What are sinking funds? When I first heard the term I thought they were going to be some overly complicated finance concept that it was going to hurt my head to understand. I needed the sinking funds for beginners guide.
To my surprise, sinking funds are amazingly simple to understand.
If the term scares you, don’t be afraid. ????
Keep reading and you will understand and be ready to add sinking funds to your budget in no time.
Note: This page contains affiliate links, which means that if you buy something using one of the links below, I may earn a commission.
What are Sinking Funds?
A Sinking Fund is a fund formed by periodically setting aside money for the gradual repayment of a debt or replacement of a wasting asset. Simply put, sinking funds are money that you save to meet a specific savings goal.
For example, if you are saving a set amount of money each month to buy you a car. You have a sinking fund.
Why Do You Need Sinking Funds?
Having sinking funds ultimately makes your budget stronger. They allow you to plan for expected expenses.
Chances are pretty good that sometime this year you will need to purchase gifts, replace something that regularly wears out, or renew an annual subscription or quarterly subscription.
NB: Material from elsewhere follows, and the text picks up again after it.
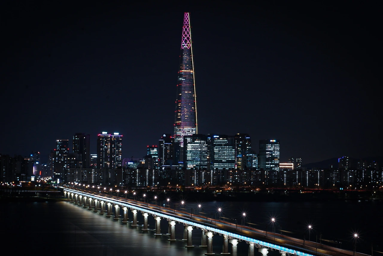 강변역 테크노마트 위에 올라가면 제2롯데타워가 꽤 가까이서 보인다. 주변이 탁 트여있어서 야경 찍기도 좋다.

If you are not actively planning for how you will pay for these items, they will have to come out of some other part of your budget. Which might be your emergency fund, your general savings, or your credit cards.
Sinking funds allow you to strategically plan for these types of expenses so you don’t have to resort to pulling money out of other areas.
Sinking funds will help you stop feeling like “something always happens” to mess up your money.
What’s the difference between Sinking Funds & Regular Savings?
So, what’s the difference between having sinking funds and just having a savings account. Well, with a sinking fund you are saving for a specific reason. The end goal is for that money to be spent.
With general savings, you are working to build wealth.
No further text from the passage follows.